E’ stata l’Europa a svegliarci dal torpore e dall’inettitudine, raccomandandoci, con la Direttiva Bolkestein del 2006, il regime concorrenziale come “criterio attraverso cui erogare servizi e svolgere le attività commerciali e intellettuali, nell’ottica di una competizione trasparente e transnazionale e ritenendo il servizio erogato dalle imprese balneari un servizio del settore turismo e in quanto tale, assoggettabile a gara, con conseguente applicazione delle norme che sovrintendono le procedure ad evidenza pubblica”. Una bomba messa sotto le sdraie dei padroni delle spiagge.  Aggirata però dalla immediata disposizione, inserita nella riforma del Codice di Navigazione, che prorogava al 2020 il rinnovo delle concessioni.  Sbeffeggiata la direttiva, schivata la parte più insidiosa del diritto “esclusivo”, a vita, delle concessioni…ma non evitata una procedura d’infrazione con deferimento alla Corte di Giustizia europea che, nel 2016, ha dichiarato incompatibile la proroga delle concessioni balneari al 2020 e imposto all’Italia una legge che ristabiliva una certa congruenza con la direttiva. Certa? Non proprio. Perché l’attuale ddl presentato dal precedente governo, stabilisce sì, la procedura dell’assegnazione delle concessioni con gara pubblica, ma ancora una volta, non ne fissa termini, né durata, rinviando a futuri decreti delegati e lasciando ampio margine alle autonomie locali circa la durata delle concessioni.

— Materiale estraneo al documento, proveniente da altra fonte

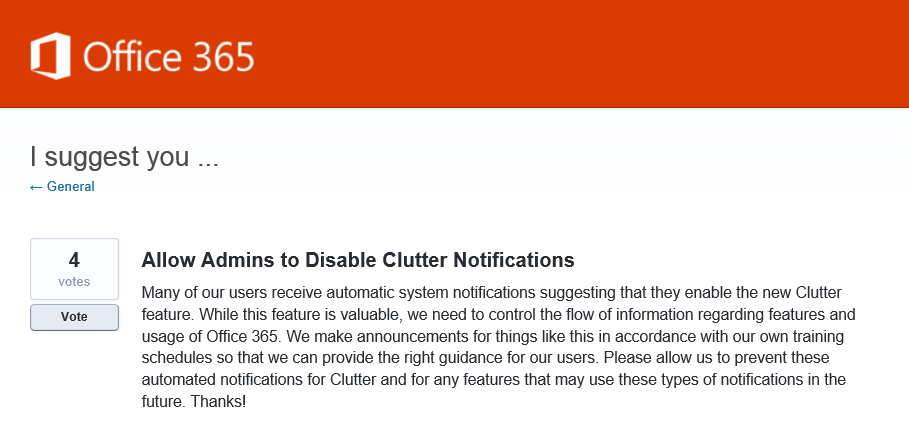 http://office365.uservoice.com/forums/264636-general/suggestions/7950201-allow-admins-to-disable-clutter-notifications
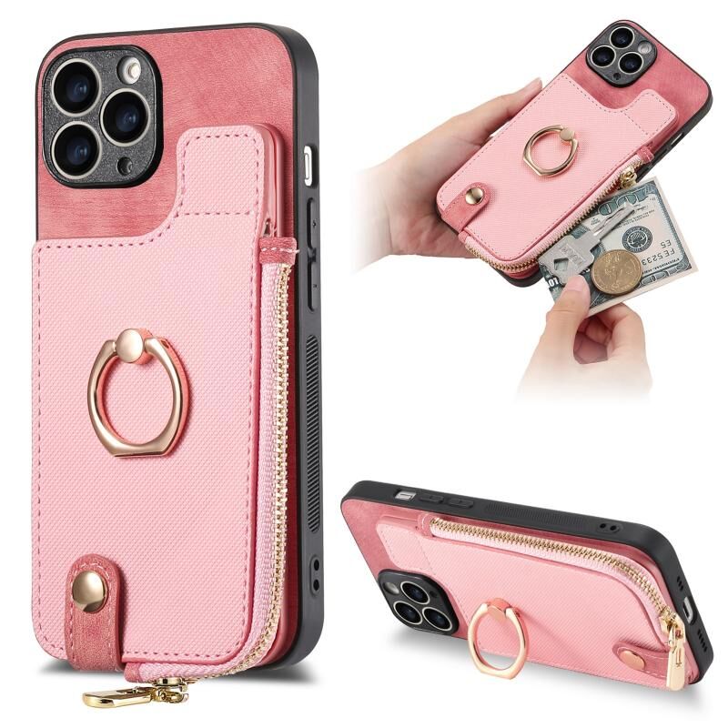 For iPhone 11 Pro max Cross Leather Ring Vertical Zipper Wallet Back Phone Case(Pink)

Un vespaio a cui si aggiunge la denuncia di 20 sindaci costieri che si riuniscono in questi primi giorni di settembre a Bibione di San Michele al Tagliamento per salvare la sabbia delle spiagge dall’erosione continua e drammatica e “dare una scossa al sistema” visto che i ripascimenti pesano sui bilanci delle Regioni per centinaia di migliaia di euro. Un grido d’aiuto per fermare la perdita di sabbia che per questi 20 comuni costieri “è oro puro e vale sessanta milioni di presenze turistiche l’anno”.